◆ EXERCISE OBJECTIVE ◆
For this exercise, an exact copy is needed of only the lines from the one containing "При заказе кухни" through the end of the data, with pictures left out.

Saved entries:
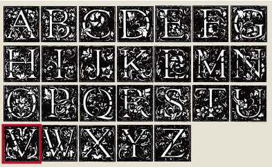 Afdruk van de letter: V van het alfabet met versieringen, afmetingen 20 x 20 mm.
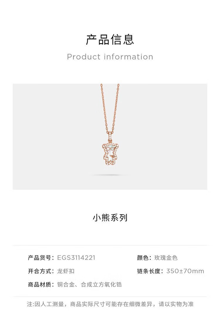 EMPORIO ARMANI Armani women's necklace bear mother-of-pearl necklace birthday gift for girlfriend EGS3114221
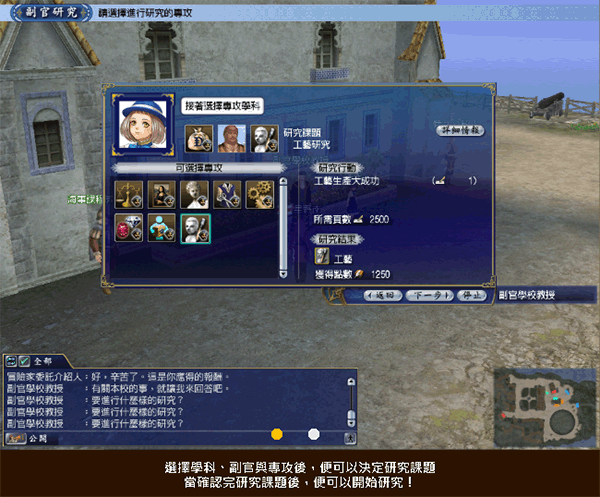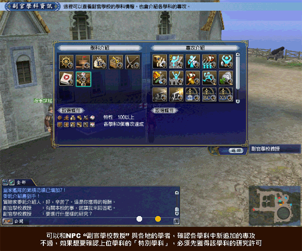 | 在副官學校的各學科追加了新的可研究專攻領域。 選擇想研究的學科、副官和専攻後,便能開始新的研究。 執行研究行動並完成研究,就找NPC “副官學校教授” 或各地的學者報告吧。 ※要進行副官研究必須要先入學副官學校。 ※根據同行副官的特性,也有無法進行副官研究的可能。 |
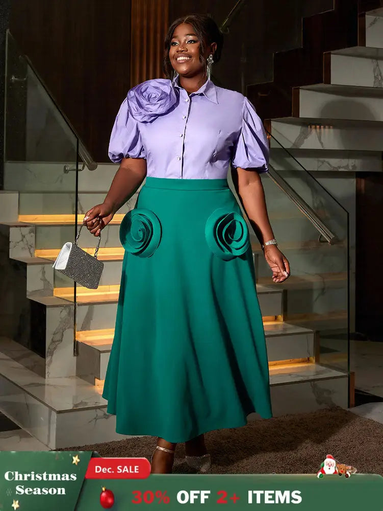 AOMEIDRESS Office Two Piece Set 3D Flower Shirt With A Line Skirt - Purple / S is backordered and will ship as soon as it is back in stock.
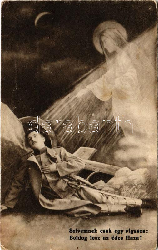 1915 Szívemnek csak egy vígasza: boldog lesz az édes Haza! / WWI Austro-Hungarian K.u.K. military art postcard, patriotic propaganda, dying soldier with angel (EK)
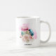 Una taza con una imagen deliciosa. 3 macarones coloridos, rosa, verde y azul con un elegante ramo de flores de rosa y un toque de color rosa de las acuarelas. ¡Delicioso y elegante también!
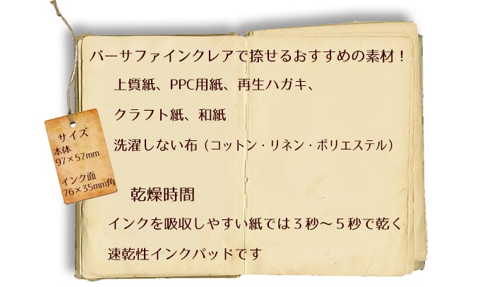 (洗濯する布には、布用インク→バーサクラフトをご使用下さい) 本体サイズ:W97×D57×H23mm/インクパット面 76×35mm メーカー希望小売価格はメーカーカタログに基づいて掲載しています ※クリックでカタログ画像を表示します
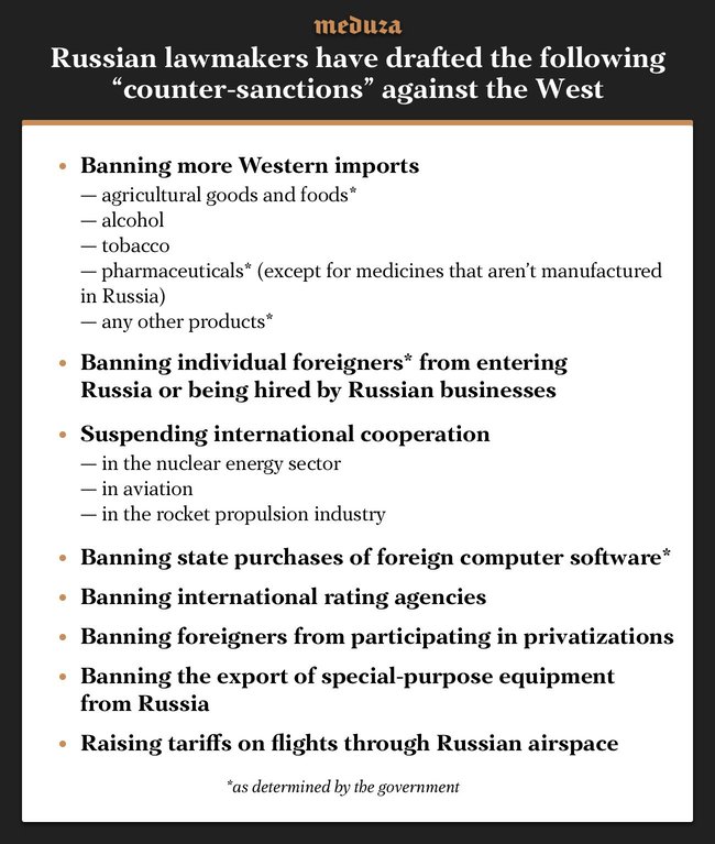 Lawmakers have drawn up a list of various prohibitions the government can impose against the U.S. and other countries in response to their sanctions against Russia.
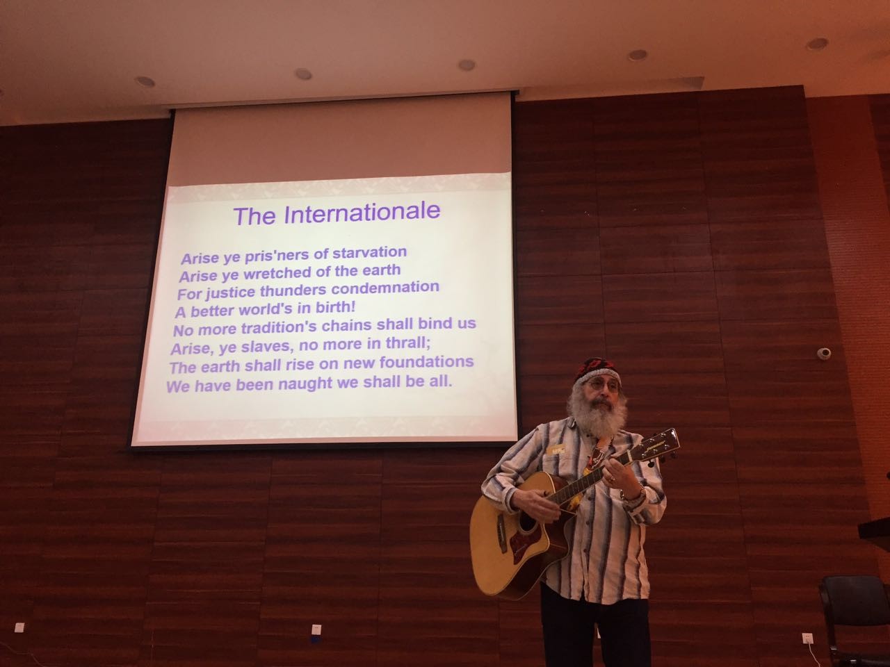 应云南省外专局、云南大学国际交流处和外国语学院的邀请,现执教于中央民族大学的美国专家马克·力文博士(Dr. Mark Levine)于2018年11月30日(周五)上午10:00-12:00在云南大学呈贡校区外国语学院一楼报告厅举行学术讲座。讲座的题目为U.S. History/Culture: The Sounds of Social Change(美国历史/文化:社会变革之声),讲述音乐在美国历史上的政治、社会运动中的作用,涉及废奴运动;大萧条时期美国工人运动;民权运动与反越战运动等。马克·力文博士在讲座中穿插着吉他弹奏,歌曲演唱,将音乐与政治、社会运动的紧密联系呈现给听众。演讲之余,马克·力文博士与学生听众进行互动。报告厅座无虚席,整个场面气氛较好,收到良好效果。
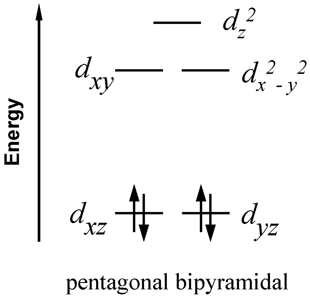 The qualitative d-orbital energy-splitting diagram for pentagonal bipyramidal geometry and the ground-state electronic configuration of 1.
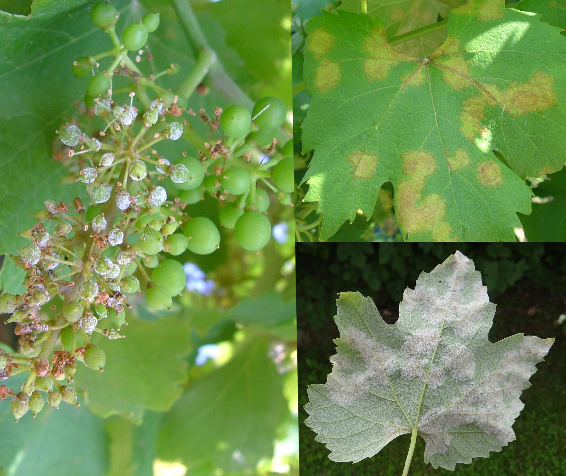 Enfekteli yapraklar çiçek ve tane enfeksiyonları açısından önemli inokulum kaynağıdır. Çiçekler ve taneler adeta fungusla örtülür (Şekil 1c,d). Enfekteli çiçekler kısa zamanda kahverengiye dönüşür, kuruyup dökülür (Şekil 1c). Taneler küçük iken çok duyarlıdır, olgunlaştıkça duyarlılık azalır. Enfekteli taneler beyaz çeşitlerde mat grimsi yeşil, siyah çeşitlerde pembemsi kırmızıya döner. Sürgünler üzerinde eliptik lekeler meydana gelir. Hastalık şiddetli ise sürgünler kurur. Mildiyö hastalığı asmanın tüm yeşil kısımlarını ve ürünü doğrudan etkilediği için ekonomik önemi büyüktür.
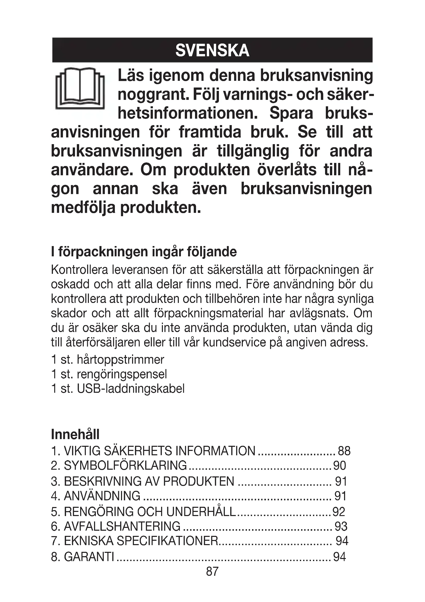 Innehåll I förpackningen ingår följande Kontrollera leveransen för att säkerställa att förpackningen är oskadd och att alla delar finns med. Före användning bör du kontrollera att produkten och tillbehören inte har några synliga skador och att allt förpackningsmaterial har avlägsnats. Om du är osäker ska du inte använda produkten, utan vända dig till återförsäljaren eller till vår kundservice på angiven adress. 1 st. hårtoppstrimmer 1 st. rengöringspensel 1 st. USB-laddningskabel88
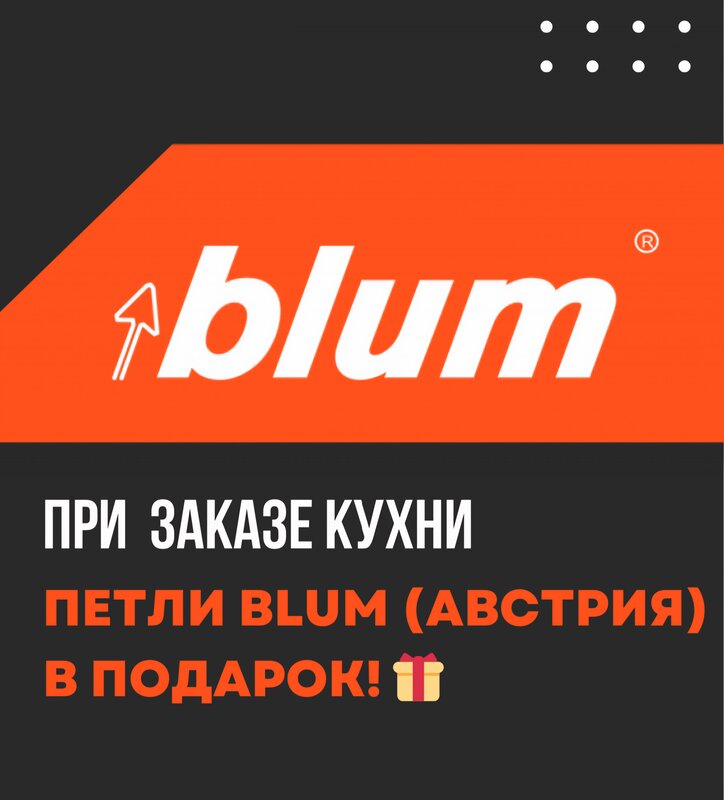При заказе кухни в Discount Mebel, петли фирмы Blum - в ПОДАРОК 🎁
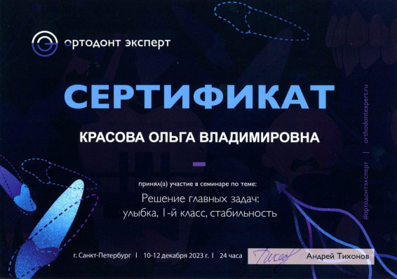 - 2023 г. — «Решение главных задач: улыбка, 1 класс, стабильность», Ортодонт эксперт, Андрей Тихонов.
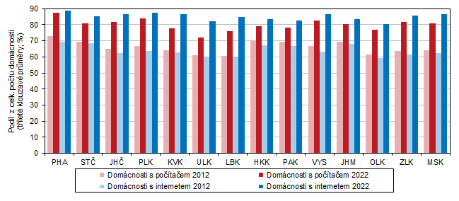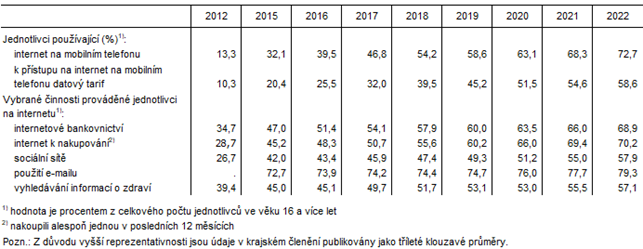 Údaje v tabulce 1 dokládají nárůst podílu jednotlivců s internetem v mobilu – v roce 2022 jím v kraji disponovalo 72,7 % jedinců ve věku 16 let a více, zatímco ještě v roce 2012 to bylo pouze 13,3 %. Výrazně se navýšil i podíl jedinců používajících k přístupu na internet na mobilu datový tarif, a to z 10,3 % v roce 2012 na 58,6 % v roce 2022.
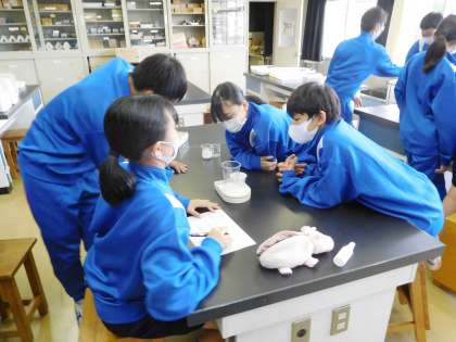 薬品を混ぜて化学反応させ、変化に驚いていました。
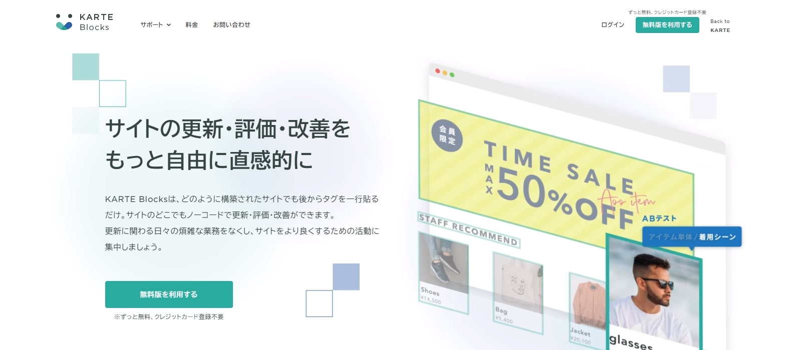 Karte blocksとは、「Block Management System」という独自の管理システムを利用して、既存のサイトにタグを1行張り付けるだけで、サイトの更新・評価・改善ができるノーコードツールです。
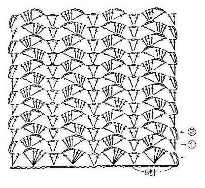 ![Узоры крючком веерочки и ракушки схемы]()
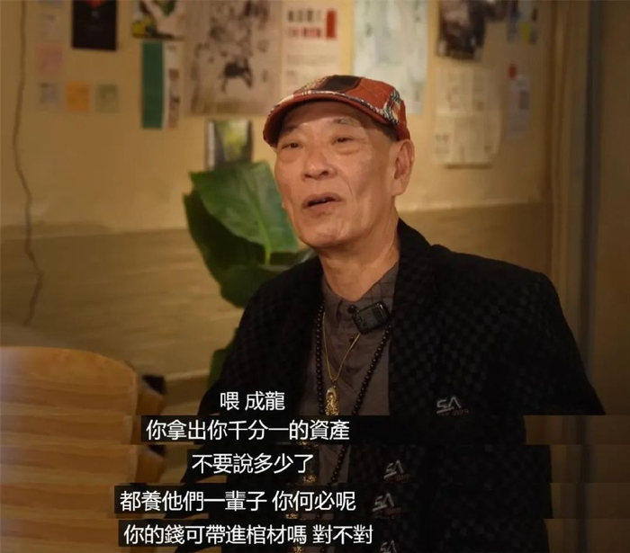 甚至还喊话成龙:“你拿出千分之一的资产,不要说多少了,都够他们一辈子了,你何必呢,你的钱可带进棺材吗,对不对。”

◆ RESPONSE FOR THIS EXERCISE ◆
При заказе кухни в Discount Mebel, петли фирмы Blum - в ПОДАРОК 🎁
 - 2023 г. — «Решение главных задач: улыбка, 1 класс, стабильность», Ортодонт эксперт, Андрей Тихонов.
 Údaje v tabulce 1 dokládají nárůst podílu jednotlivců s internetem v mobilu – v roce 2022 jím v kraji disponovalo 72,7 % jedinců ve věku 16 let a více, zatímco ještě v roce 2012 to bylo pouze 13,3 %. Výrazně se navýšil i podíl jedinců používajících k přístupu na internet na mobilu datový tarif, a to z 10,3 % v roce 2012 na 58,6 % v roce 2022.
 薬品を混ぜて化学反応させ、変化に驚いていました。
 Karte blocksとは、「Block Management System」という独自の管理システムを利用して、既存のサイトにタグを1行張り付けるだけで、サイトの更新・評価・改善ができるノーコードツールです。
 ![Узоры крючком веерочки и ракушки схемы]()
 甚至还喊话成龙:“你拿出千分之一的资产,不要说多少了,都够他们一辈子了,你何必呢,你的钱可带进棺材吗,对不对。”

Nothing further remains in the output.